[Data items]
- - -
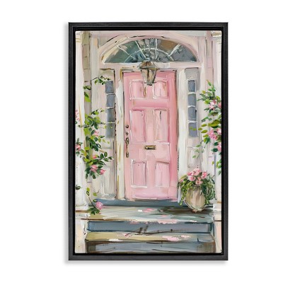 Stupell Industries Floral Fountain Courtyard Floating Frame Canvas Art, Gold, 25" x 17"
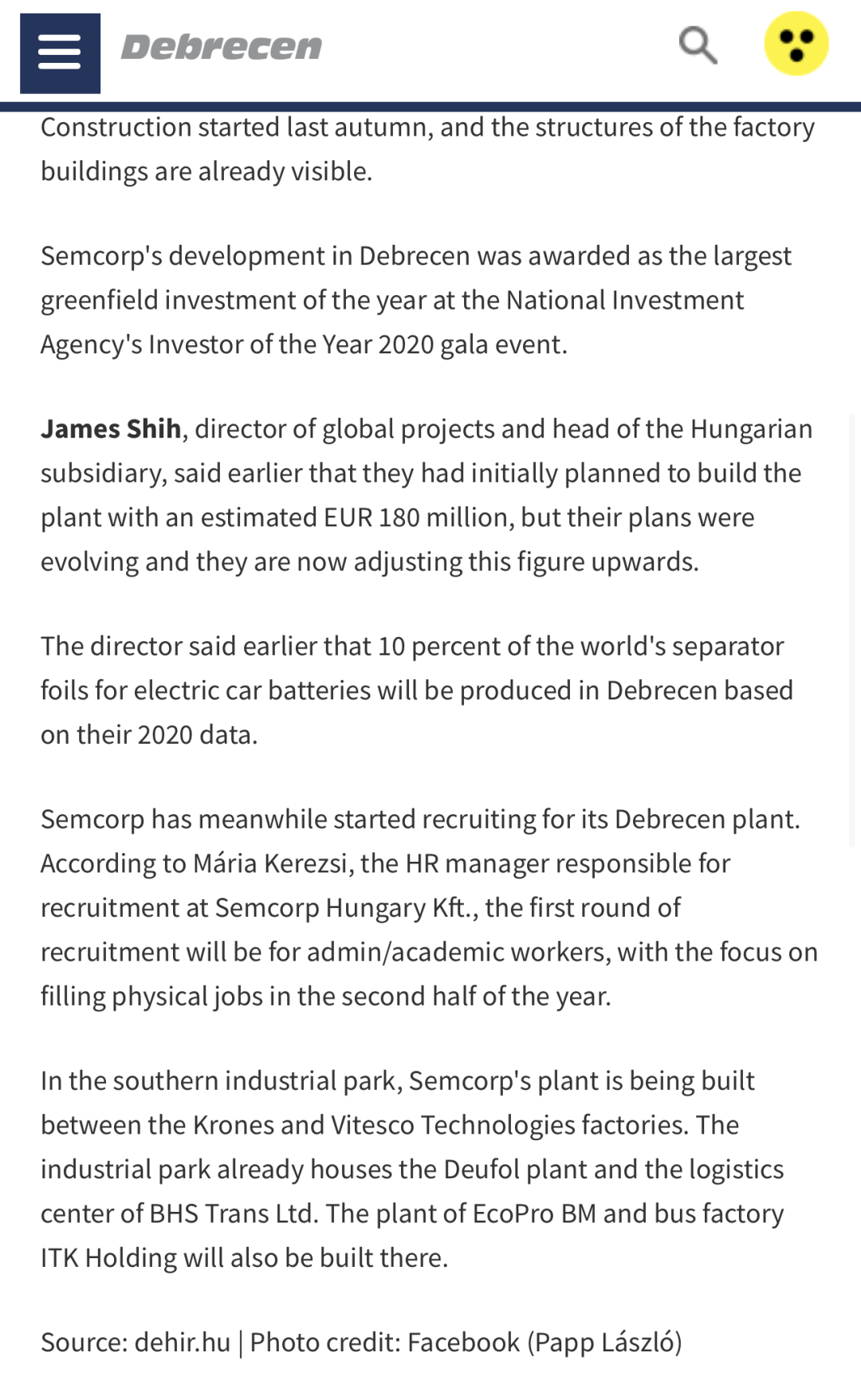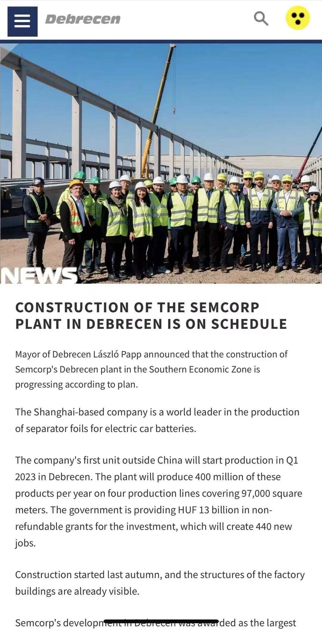 “Mayor of Debrecen László Papp announced that the construction of Semcorp's Debrecen plant in the Southern Economic Zone is progressing according to plan. The Chinese company is a world leader in the production of separator foils for electric car batteries.”
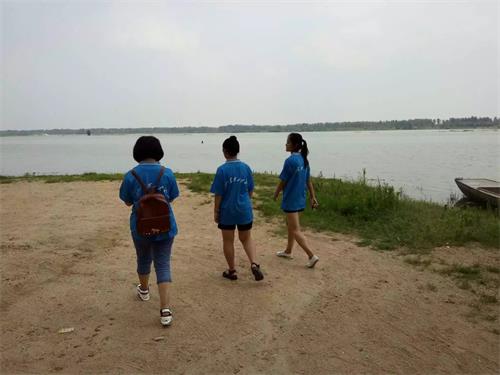 早上8点,队员们准备就绪后,在队长张丽的带领下就出发,前往沂河进行调查。首先我们来到沂河中游,由于细沙开采过度导致地形高低起伏不定,有的地方河水深不可测、有的地方却河床裸露,水下情况十分复杂。由于地形的改变导致以前那些生活在浅水中的鱼虾河蚌因不适应环境改变而灭亡,河中现存的鱼虾种类和数量都已大大减少,生物多样性遭到破坏,使常年以打鱼为生的农民无法继续生存,改善水质刻不容缓,了解完情况后,队员们稍作标记,随后赶回驻地,对资料进行整理与问题解决方法的探讨。
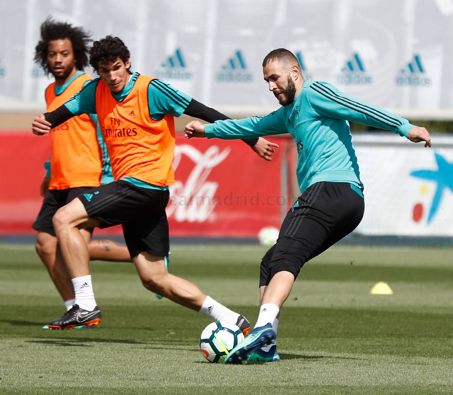 Мадридцы начали сессию с разминки с мячом, затем отработали технику передач и прессинг. По окончании занятия команда сыграла несколько матчей на полях уменьшенных размеров.
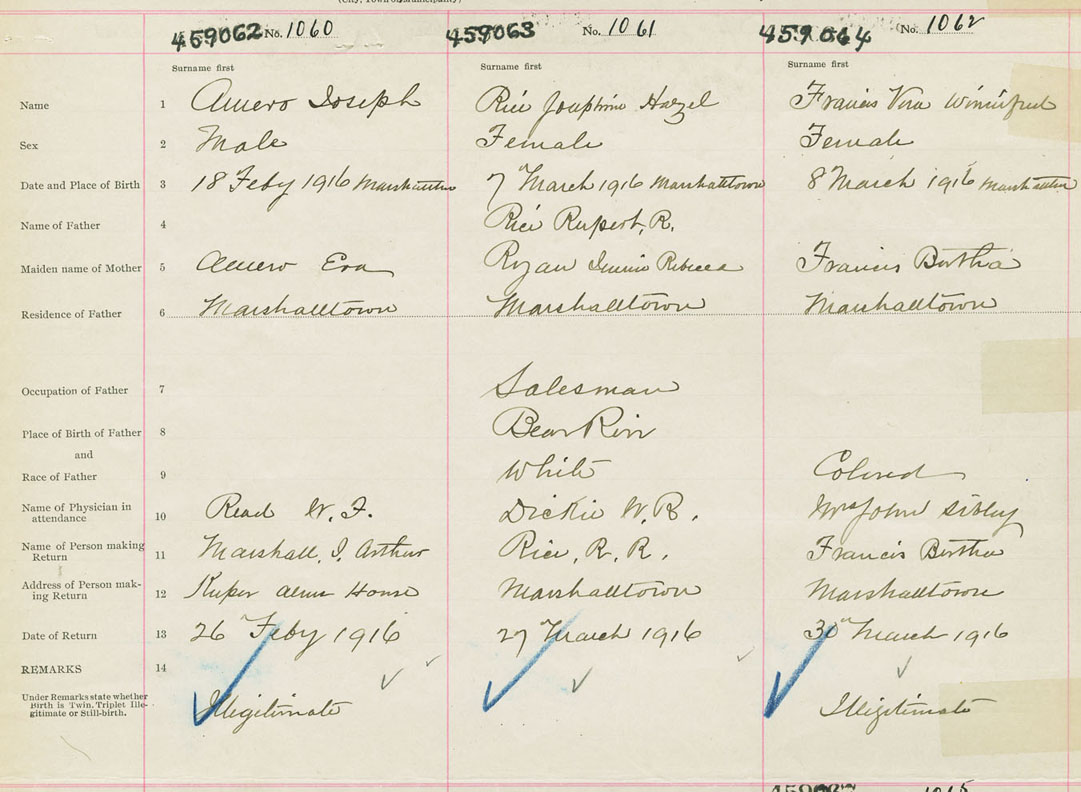 Male Birth Registration: Year: 1916 number: 45900062
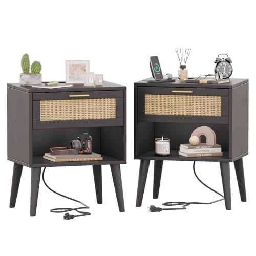 Return Policy Fast Delivery Trusted seller Nightstand Set of 2, Bedroom Night Stand with Charging Station & Rattan Drawer, Boho Style Bed Side Tables with Solid Legs, Accent End Table with Open Storage, Black and Natural BZZ007BME02 Product Description Elegant Design: Are you looking for a storage table that matches the color balance of your home? Now this rattan bedside table with the size 17.7"L x 15.7"W x 22.8"H comes with wooden color, which can fit well in your house, and the rattan drawer also brings a charming boho vibe to your space Two Is Better: Coordinate your home space with the rattan nightstands set of 2! Each night stand with 2 AC outlets and 2 USB ports can help you charge the multiple electronic devices at the same time, such as phones, i-pads, laptops and lamps etc. Large Storage Space: T is a wide tabletop, spacious drawer and open shelf for this bed side table, providing ample storage capacity to store daily items such as keys, mobile phones, frames ornaments, books, magazines and other personal items Stable & Multifunctional: With sturdy EPA-grade particleboard for the overall body and solid legs, making the end table stable enough. Not only can be used as a night stand, but also a side table, coffee table or storage cabinet and other tables Easy Assembly: It's easy to put together with detailed, step-by-step assembly instructions and numbered accessories, so just follow the steps and trust your hands, you can get a practical rattan bedside table Shipping Returns Payment Shipping Shipping is FREE to all addresses other than APO/PO boxes in the lower 48 states. All our stock ships from US-based warehouses. Shipped via USPS or UPS (depending on location and package weight) Unless stated otherwise, all orders will ship within 24-72 hours of your payment being processed. Check our feedback to see the great reviews of FAST shipping we offer. Returns Seller does not accept returns Payment We currently accept payment via eBay managed payments only. Once payment is cleared, we will dispatch your shipment within 1-3 business days. Please refer to the "Shipping" tab for more information regarding shipping speed to your destination.
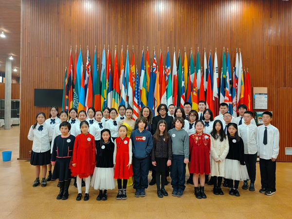 “希望与未来”国际青少年文化艺术交流团中方代表于1月31日、2月1日先后在联合国教科文组织总部和巴黎共和国广场,表演了合唱、独唱、民族器乐、中国传统武术等节目,并展出了中国青少年20余件美术作品,充分向世界展示了新时代中国青少年的风采。
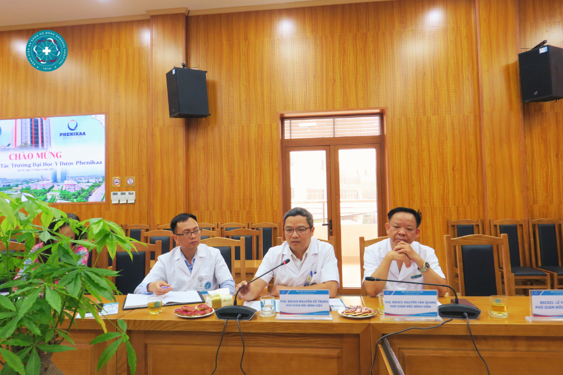 Cũng tại buổi làm việc TS. BS Nguyễn Thành Vinh – Giám đốc Bệnh viện Đa Khoa Hà Đông chia sẻ Trong nhiều năm qua, Bệnh viện Đa khoa Hà Đông và Trường Đại học Y – Dược Phenikaa đã duy trì mối quan hệ hợp tác chặt chẽ, đặc biệt trong lĩnh vực đào tạo khối ngành sức khỏe. Nhà trường thường xuyên cử sinh viên đến bệnh viện thực tập lâm sàng, góp phần nâng cao chất lượng đào tạo gắn với thực tiễn. Sự tham gia trực tiếp của Ban Giám hiệu cùng các thầy cô bộ môn trong các hoạt động hợp tác lần này sẽ góp phần tăng cường gắn kết giữa hai bên, đặc biệt trong lĩnh vực đào tạo.
- - -
*YOUR OBJECTIVE*
From the opening line of the entries, copy each line exactly until the line with "of Debrecen László", which is copied as well; leave out pictures.

*TASK ANSWER*
 Stupell Industries Floral Fountain Courtyard Floating Frame Canvas Art, Gold, 25" x 17"
 “Mayor of Debrecen László Papp announced that the construction of Semcorp's Debrecen plant in the Southern Economic Zone is progressing according to plan. The Chinese company is a world leader in the production of separator foils for electric car batteries.”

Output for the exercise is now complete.